Phase 4 of virus relief bill begins political dance, Dems put hazard ‘Heroes Fund’ in spotlight

Despite a push by some lawmakers for a potential “Phase 4” coronavirus response bill, Republicans and Democrats are reaching an impasse on the details.

While Congress is under mounting pressure to pass another trillion-dollar relief bill to deal with the effects of the coronavirus pandemic, key differences in what Democrats and the GOP are advocating may be stepping on the brakes of legislation many were hoping could be passed by the end of April.

Senate Majority Leader Mitch McConnell is hoping to buy some time against the push by Democrats to swiftly get another package approved. The Kentucky Republican is reportedly planning to ask for unanimous consent on Thursday on an additional $250 billion to help small businesses meet their payrolls. Almost $350 billion in the $2.2 trillion CARES Act was already appropriated by Congress to meet this need but the program has fallen short of funding.

But before his announcement of the planned unanimous consent request, McConnell did not reach out to Senate Minority Leader Charles Schumer, D-N.Y., The Hill reported. Nor did Sen. Marco Rubio of Florida, who chairs the Small Business Committee, reach out to his Democrat counterpart, Sen. Ben Cardin of Maryland.
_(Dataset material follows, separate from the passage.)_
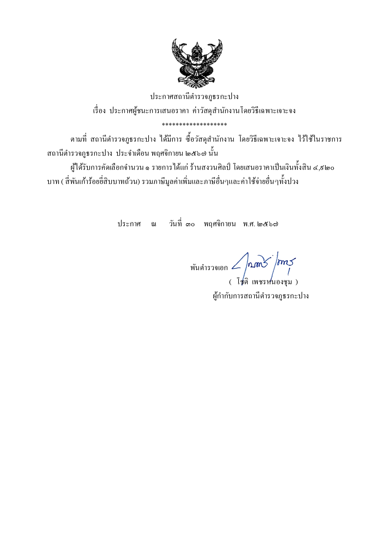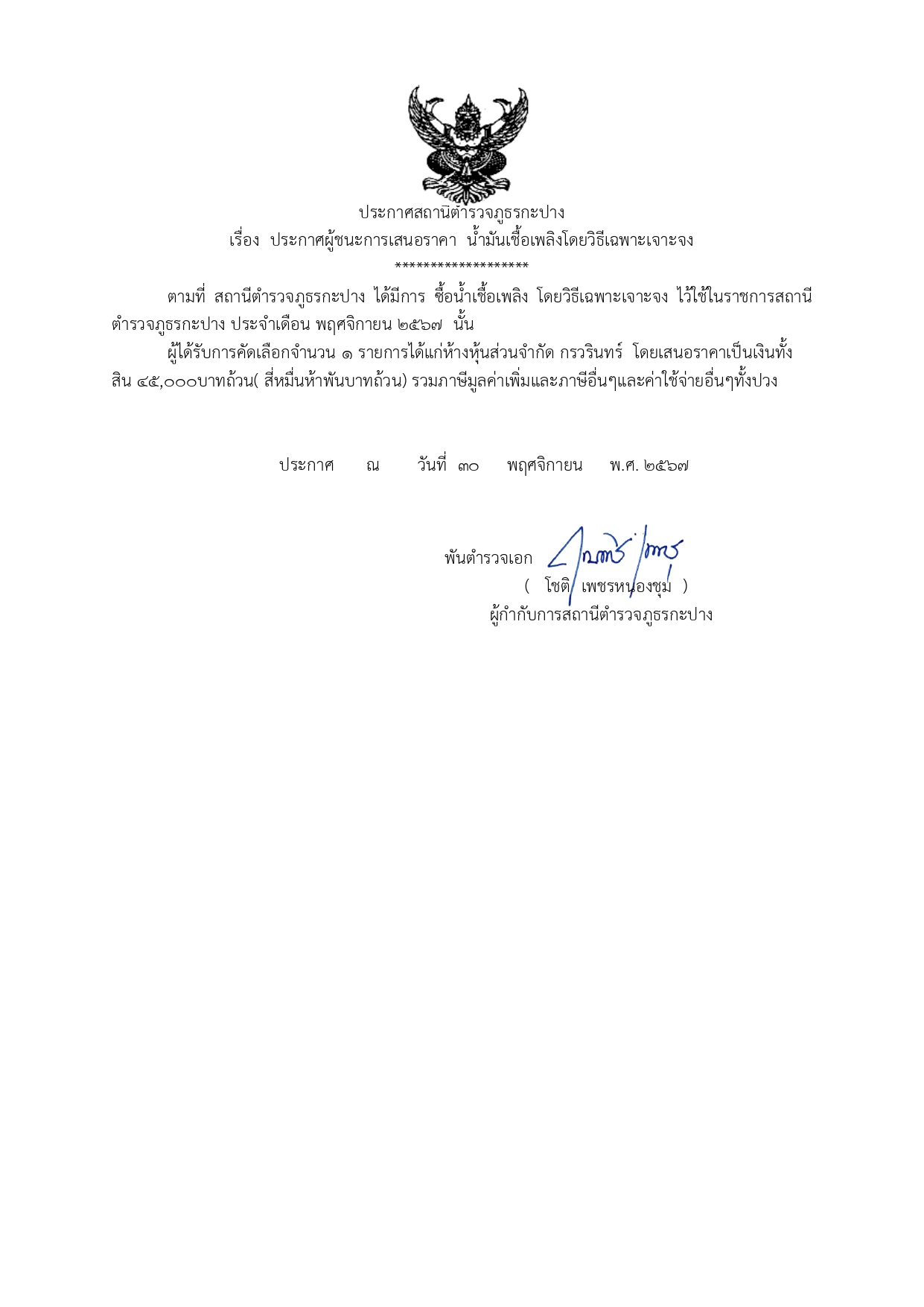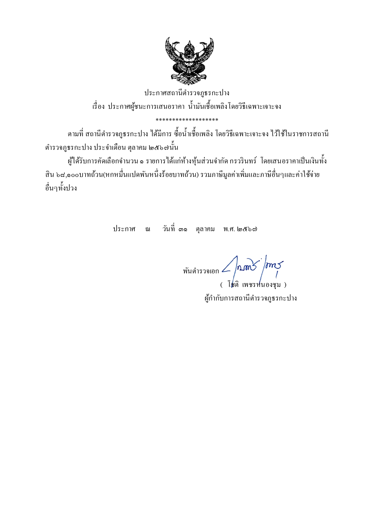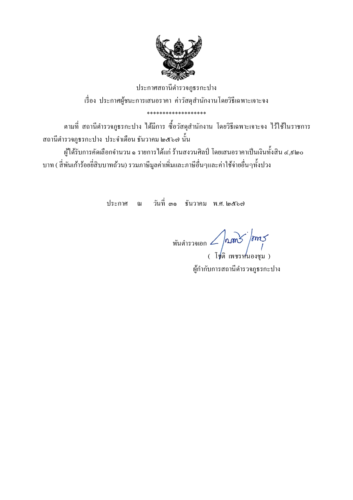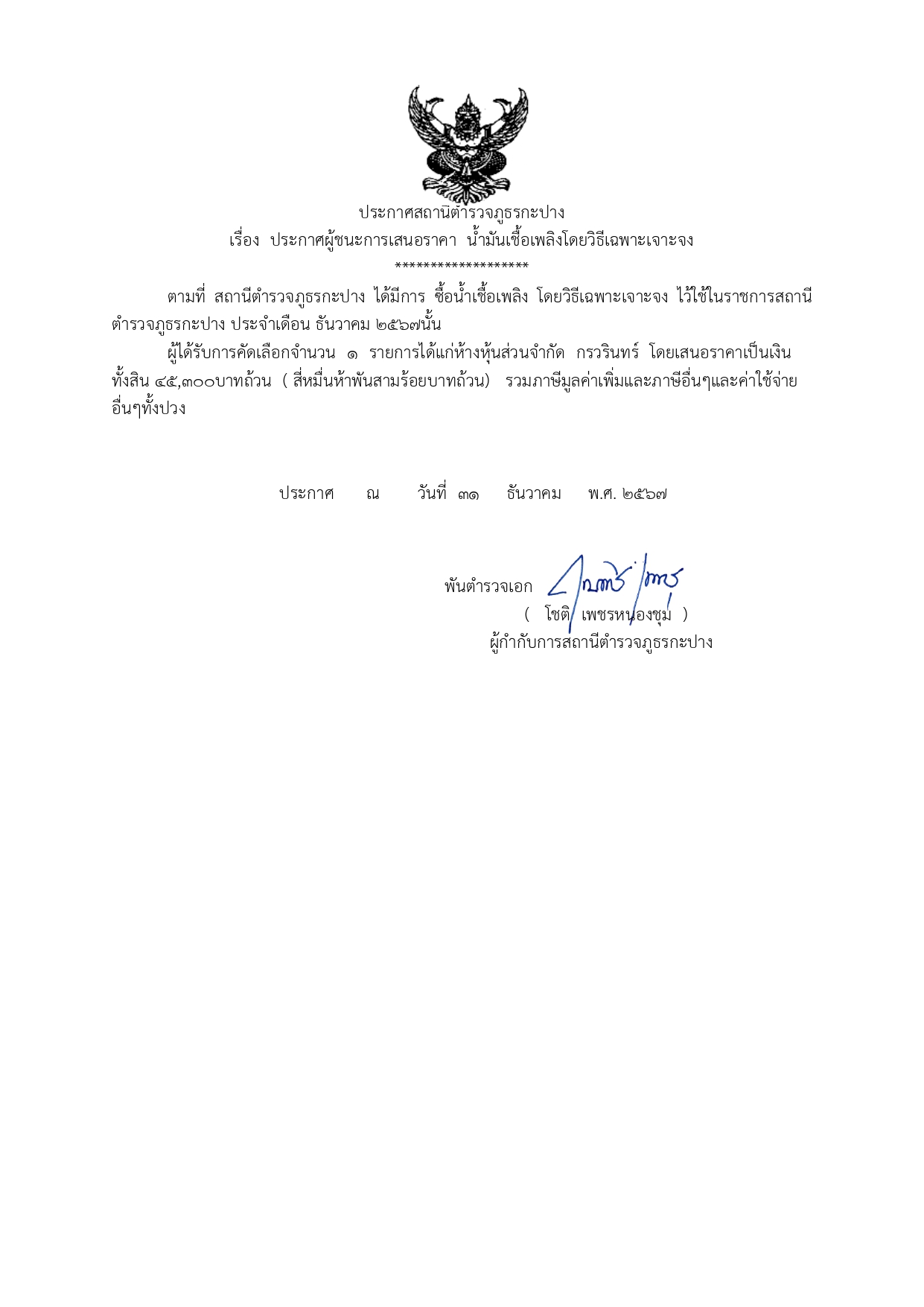 พ.ต.อ.โชติ เพชรหนองชุม ประชาสัมพันธ์การเก็บของกลางและการจำหน่ายของกลางแก่ประชาชนผู้เข้าร่วมการประมูลของกลางตรวจจุดเก็บรักษาของกลางของสถานีเพื่อสอบถามความเข้าใจเพื่อป้องกันการทุจริต

Both chambers of Congress overwhelmingly passed the previous stimulus bills, an $8.3 billion coronavirus bill on March 6, another on March 18 and finally, the $2.2 trillion “Phase 3” legislation that was passed on March 26. But Republican leaders are reportedly expecting that Schumer will be trying to push through Democrat “wish lists” in an upcoming bill, including up to $25,000 in hazard pay for essential workers.

“As the administration works to implement this historic legislation and push money out the door, Senate Republicans believe any potential further action will need to be tailored to the actual needs of our nation, not plucked off preexisting partisan wish lists,” McConnell said Tuesday, pressing for impending legislation to focus more on fixing any issues with the existing CARES Act.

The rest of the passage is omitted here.